To do: For this exercise, the lines from the one with "2001年11月05日 15:02 ![]()" through the final line of the data below are to be transcribed exactly, and pictures are to be skipped.
--- Data below Enclosed Below ---
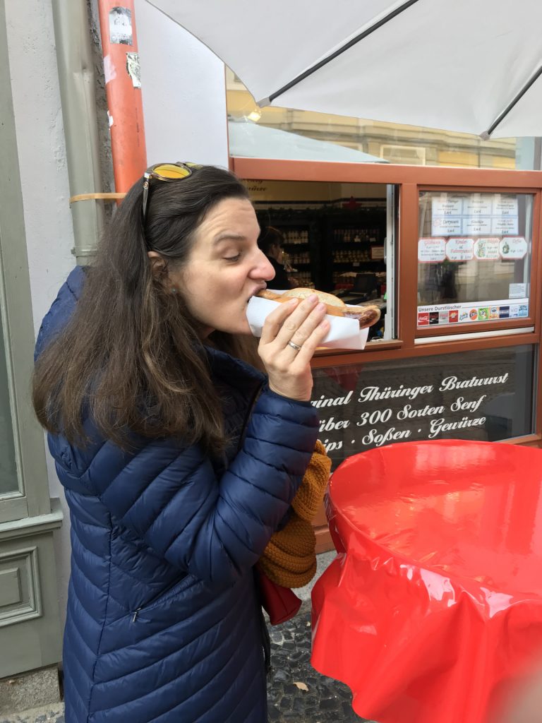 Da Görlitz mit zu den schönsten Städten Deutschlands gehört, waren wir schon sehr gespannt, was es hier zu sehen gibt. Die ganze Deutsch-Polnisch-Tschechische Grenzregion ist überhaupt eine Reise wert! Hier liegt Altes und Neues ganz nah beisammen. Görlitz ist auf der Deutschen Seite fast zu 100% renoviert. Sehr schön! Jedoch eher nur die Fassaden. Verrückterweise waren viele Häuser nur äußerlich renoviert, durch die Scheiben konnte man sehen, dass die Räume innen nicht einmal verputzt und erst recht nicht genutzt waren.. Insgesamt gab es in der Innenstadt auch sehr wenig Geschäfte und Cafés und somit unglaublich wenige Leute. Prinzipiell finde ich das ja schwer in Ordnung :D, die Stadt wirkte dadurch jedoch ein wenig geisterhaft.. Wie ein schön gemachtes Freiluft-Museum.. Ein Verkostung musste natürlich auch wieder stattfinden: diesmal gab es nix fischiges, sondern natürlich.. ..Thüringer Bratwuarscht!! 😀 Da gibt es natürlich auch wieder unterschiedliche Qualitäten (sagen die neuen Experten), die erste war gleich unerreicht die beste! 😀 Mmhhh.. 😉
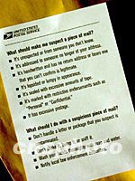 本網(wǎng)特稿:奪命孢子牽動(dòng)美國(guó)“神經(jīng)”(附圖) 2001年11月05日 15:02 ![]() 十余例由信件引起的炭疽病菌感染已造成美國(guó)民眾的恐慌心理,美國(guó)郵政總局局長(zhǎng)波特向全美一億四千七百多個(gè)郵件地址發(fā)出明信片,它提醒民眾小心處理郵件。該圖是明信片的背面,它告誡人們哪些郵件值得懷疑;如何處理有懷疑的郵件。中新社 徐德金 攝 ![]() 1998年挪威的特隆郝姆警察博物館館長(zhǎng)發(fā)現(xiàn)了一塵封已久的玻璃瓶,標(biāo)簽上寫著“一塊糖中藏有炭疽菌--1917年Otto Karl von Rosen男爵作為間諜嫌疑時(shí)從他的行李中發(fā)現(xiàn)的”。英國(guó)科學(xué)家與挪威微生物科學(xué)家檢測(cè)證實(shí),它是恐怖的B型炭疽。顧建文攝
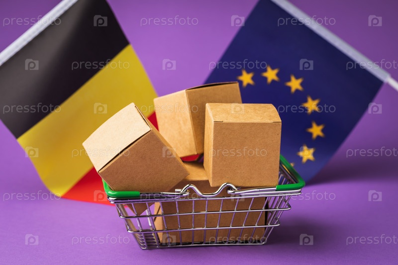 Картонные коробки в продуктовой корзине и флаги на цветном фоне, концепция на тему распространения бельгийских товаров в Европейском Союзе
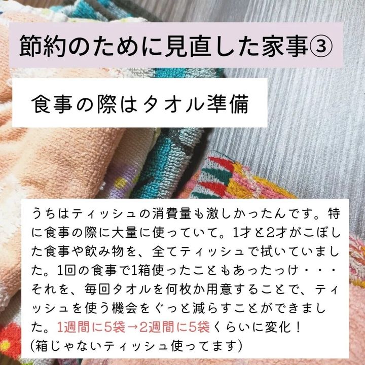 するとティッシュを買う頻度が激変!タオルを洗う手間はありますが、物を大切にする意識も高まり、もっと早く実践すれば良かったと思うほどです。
--- End of Enclosed Data below ---
Reply to the task:
 本網(wǎng)特稿:奪命孢子牽動(dòng)美國(guó)“神經(jīng)”(附圖) 2001年11月05日 15:02 ![]() 十余例由信件引起的炭疽病菌感染已造成美國(guó)民眾的恐慌心理,美國(guó)郵政總局局長(zhǎng)波特向全美一億四千七百多個(gè)郵件地址發(fā)出明信片,它提醒民眾小心處理郵件。該圖是明信片的背面,它告誡人們哪些郵件值得懷疑;如何處理有懷疑的郵件。中新社 徐德金 攝 ![]() 1998年挪威的特隆郝姆警察博物館館長(zhǎng)發(fā)現(xiàn)了一塵封已久的玻璃瓶,標(biāo)簽上寫著“一塊糖中藏有炭疽菌--1917年Otto Karl von Rosen男爵作為間諜嫌疑時(shí)從他的行李中發(fā)現(xiàn)的”。英國(guó)科學(xué)家與挪威微生物科學(xué)家檢測(cè)證實(shí),它是恐怖的B型炭疽。顧建文攝
 Картонные коробки в продуктовой корзине и флаги на цветном фоне, концепция на тему распространения бельгийских товаров в Европейском Союзе
 するとティッシュを買う頻度が激変!タオルを洗う手間はありますが、物を大切にする意識も高まり、もっと早く実践すれば良かったと思うほどです。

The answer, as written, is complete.